Matteo Parsani is an Assistant Professor of Applied Mathematics and Computational Science and Mechanical Engineering at King Abdullah University of Science and Technology (KAUST). He received his B.Sc. and M.Sc. in aeronautics and astronautics from Politecnico di Milano (Italy) and his Ph.D. in mechanical engineering from the Vrije Universiteit Brussel (Belgium). He trained as a postdoc at KAUST and in the Computational AeroScience branch at NASA Langley Research Center (USA).

He authored more than 60 scientific papers published in international scientific journals. He is the author of one upcoming book in Springer on nonlinearly stable hp-adaptive algorithms and time integration schemes for compressible computational fluid dynamics.

In 2021 he was an invited speaker at MECOM - ACA, the South American Congress in Computational Mechanics. In 2022, he was invited to present his work on entropy stable and high-performance solvers for compressible CFD at the Journal of Computational Physics Seminar Series. In February 2022, he was elevated to senior fellow of the American Institute of Aeronautics and Astronautics (AIAA).

Professor Matteo Parsani's research interests are related to developing novel, robust, and scalable numerical methods on unstructured grids for partial differential equations and their application to solving realistic flow problems in various natural science and engineering areas.
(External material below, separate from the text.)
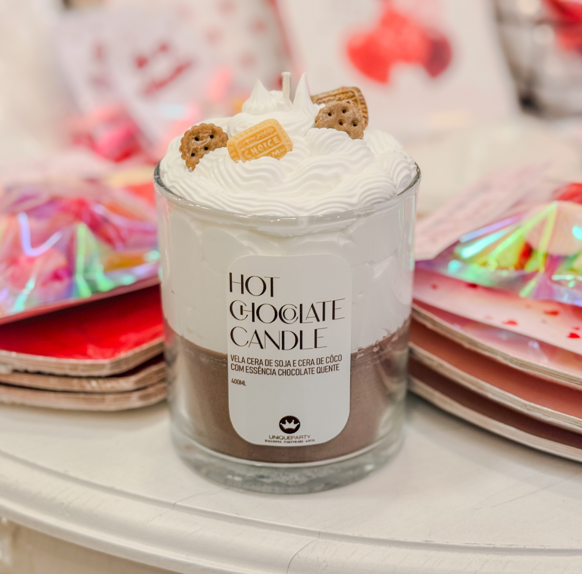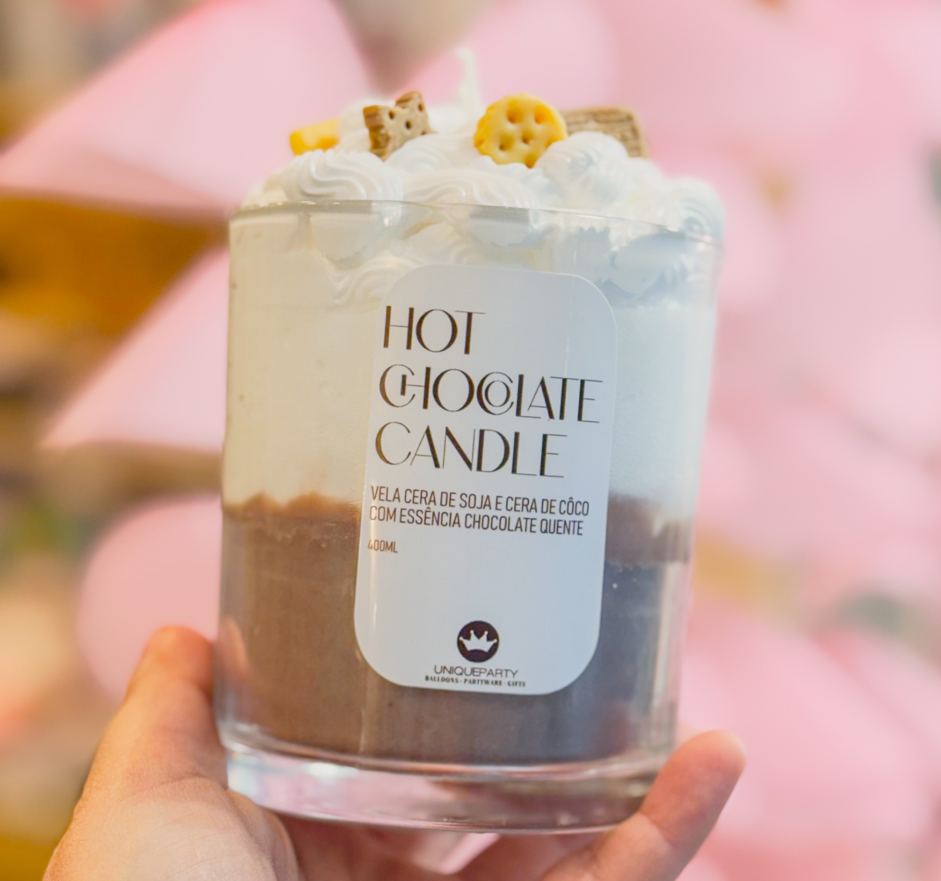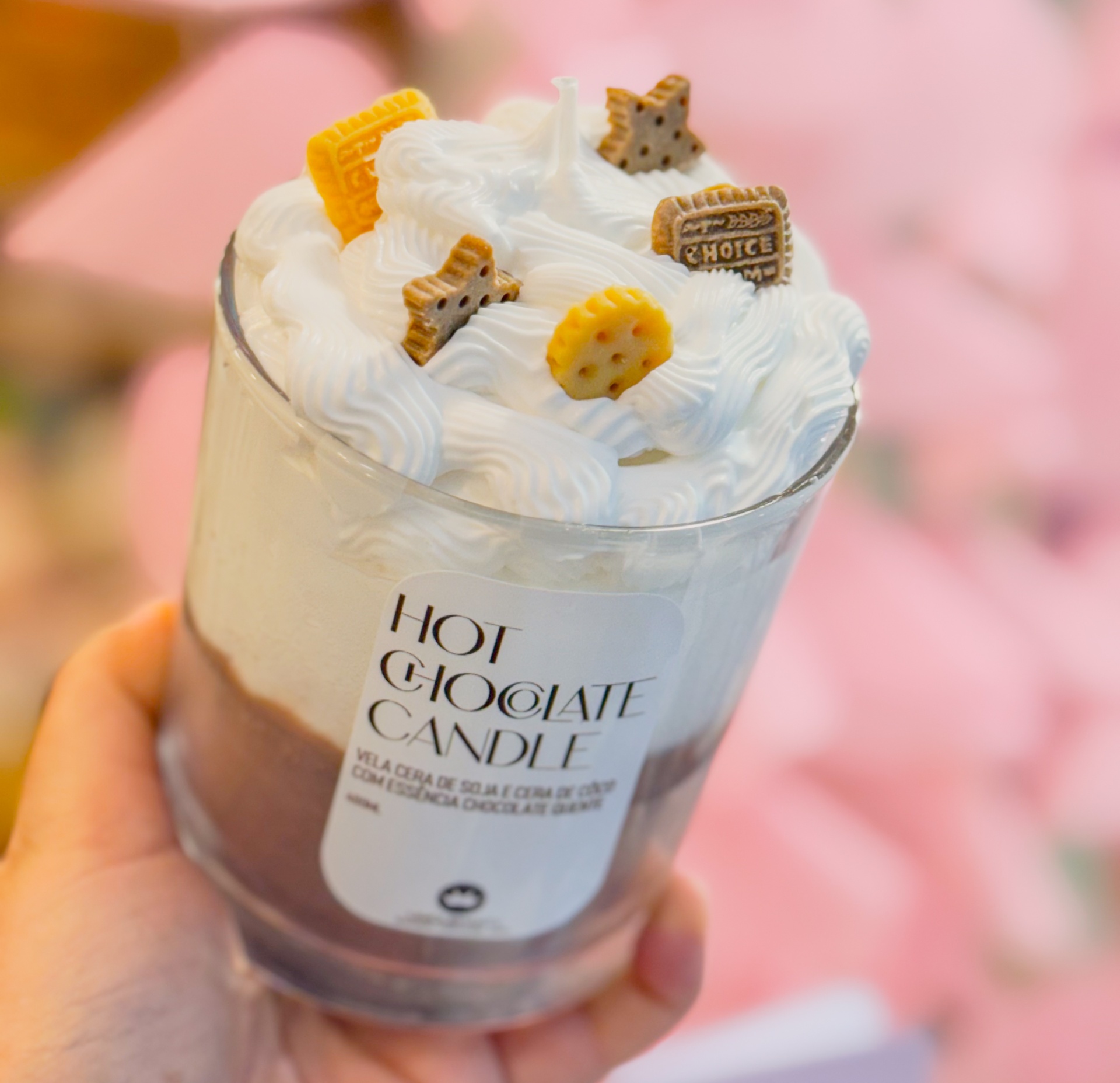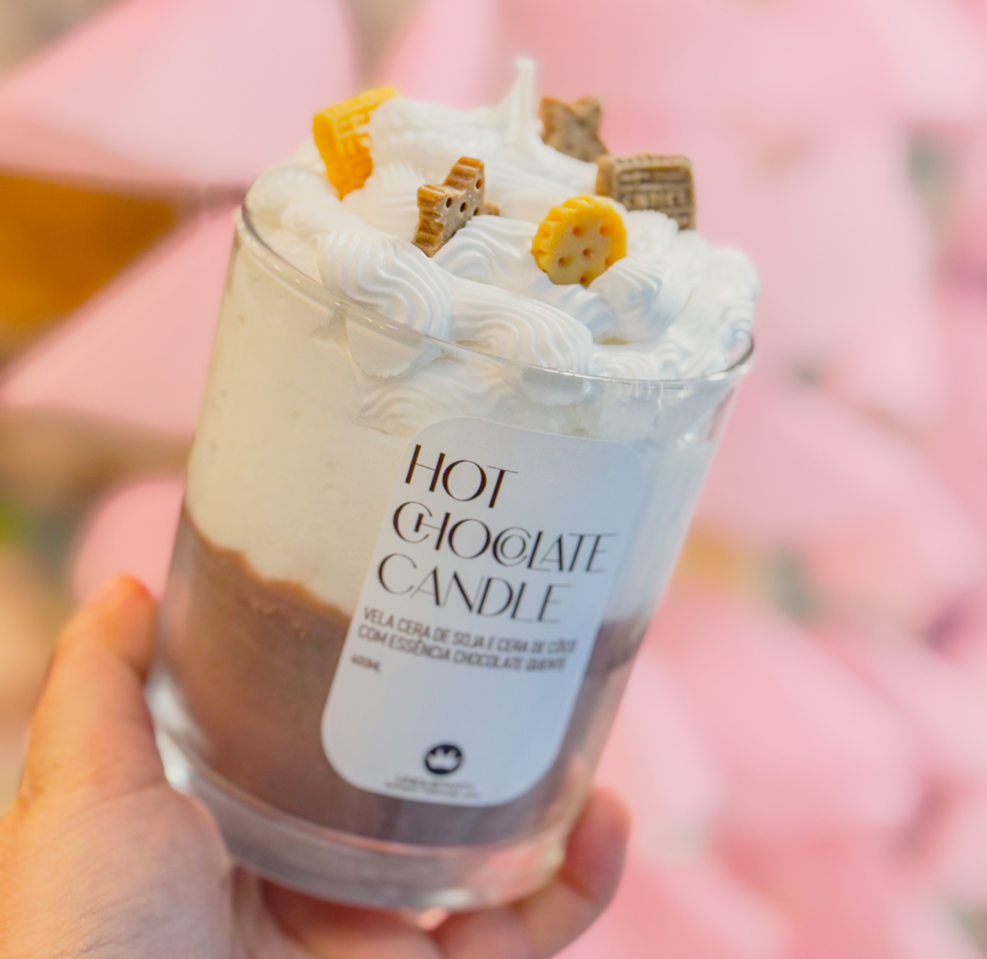 O "chantilly" feito com a cera de côco conferem-lhe uma aparência realista e charmosa de chocolate quente, tornando-o uma peça de destaque em qualquer ambiente. O delicioso aroma a chocolate preenche o seu espaço com o aroma rico e reconfortante do chocolate quente acabado de fazer, perfeito para criar um ambiente acolhedor e relaxante.

The application domains currently driving Matteo's research are compressible computational aerodynamics (e.g., highly-separated turbulent flows), dense gas flows simulations (e.g., supercritical fluids), computational aeroacoustics for noise reduction, and molecular communication. 

In the context of his collaborations with the McLaren F1 Racing Team, NASA LaRC, Boeing, and Airbus, his group has carried out the design and implementation of new robust algorithms, which culminated in the deployment of the first prototype of scalable entropy stable solver for unstructured grids, one of the NASA 2030 milestone set to be delivered around the second half of this decade. 

One of Professor Parsani's main goals is to develop efficient predictive computational fluid dynamic technologies for optimizing engineering designs based on flow dynamics and heat transfer that improve energy efficiency and reduce environmental impacts.